Persistent viral infections such as HIV are also characterized by increased CD8 T cell immunosenescence. Similar to exhaustion, T cell senescence can arise from sustained antigen exposure. Here, the many rounds of proliferation in the setting of chronic viral infection (24, 34) result in shortening of the telomeric ends of cellular DNAs. These senescent T cells are defined by expression of CD57 and loss of CD28. Like “exhausted” CD8 T cells, senescent CD8 T cells do not proliferate in response to antigen (24). Growth arrest in this population is related to telomere erosion; CD57-expressing CD8 T cells have significantly shorter telomeres than other less differentiated CD8 T cell subpopulations (24, 35).

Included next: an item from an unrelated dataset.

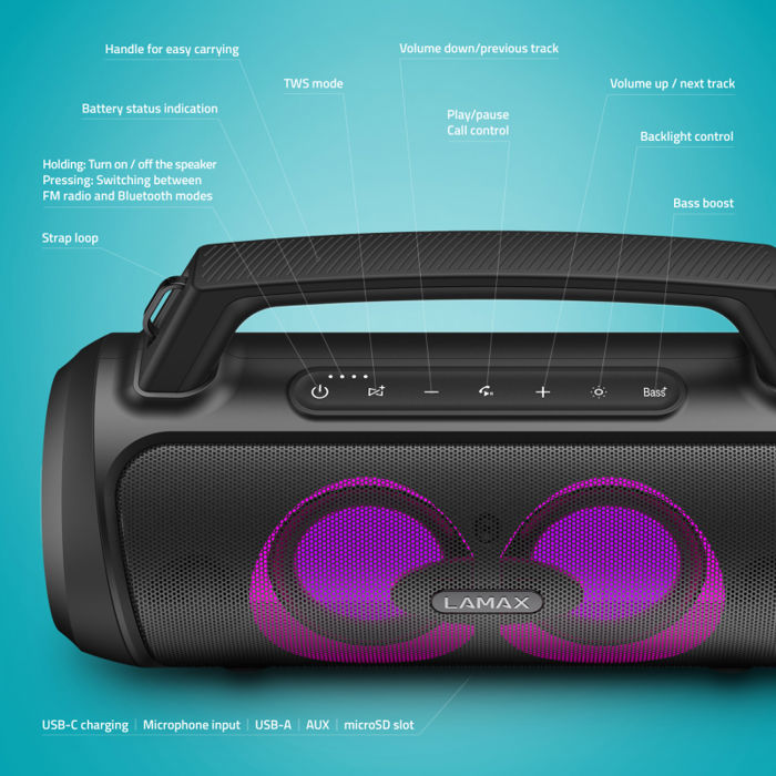 Bluetooth 5.3 LAMAX BeatBass® tehnologija Zahvaljujući ovoj tehnologiji, zvučnik ima snažan, pun i bogat zvuk. Osim toga, možete isključiti ili uključiti poboljšanje basa na upravljačkoj ploči.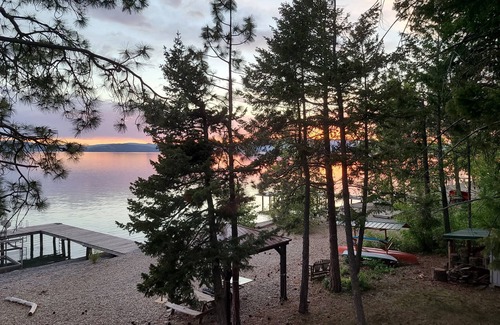 Situado en el hermoso lago Flathead entre Yellow Bay y Blue Bay en Sunset Bay (East Shore). A solo 15 millas de Big Fork y Polson, donde podrá disfrutar de cenas, compras, teatro y todo tipo de actividades divertidas. Propiedad de 1 acre con huerto de cerezos y hermosas vistas al lago con más de 109 pies de frente de lago / playa de guijarros de nivel para jugar o disfrutar de una fogata. 2 dormitorios, 2 baños y altillo para dormir. Cocina completa y dos salas de estar. Gran cubierta cubierta para ver las increíbles puestas de sol de verano mientras disfruta de una agradable barbacoa. Muelle privado con estación costera para estacionar su bote, pescar o simplemente sentarse y disfrutar el día. NO mascotas / instalaciones para no fumadores.

While some features of T cell exhaustion and T cell senescence are overlapping, a number of findings indicate that these processes can exist independently of one another (36). For example, unlike exhausted CD8 T cells which are characterized by a progressive lack of functionality, CD57+ senescent CD8 T cells are highly cytotoxic, and generally exhibit a much higher degree of polyfunctionality than exhausted CD8 T cells (3740). Nevertheless, exhaustion markers can indeed be expressed on late-differentiated senescent CD8 T cells, and microarray data indicates that senescent CD8 T cells can show gene signatures of exhaustion (41, 42). Thus, it is likely that a senescent cell can become exhausted, yet at the same time, exhaustion and senescence can also be induced independently of one another. A description of similarities and differences between these two processes is illustrated in Figure 1.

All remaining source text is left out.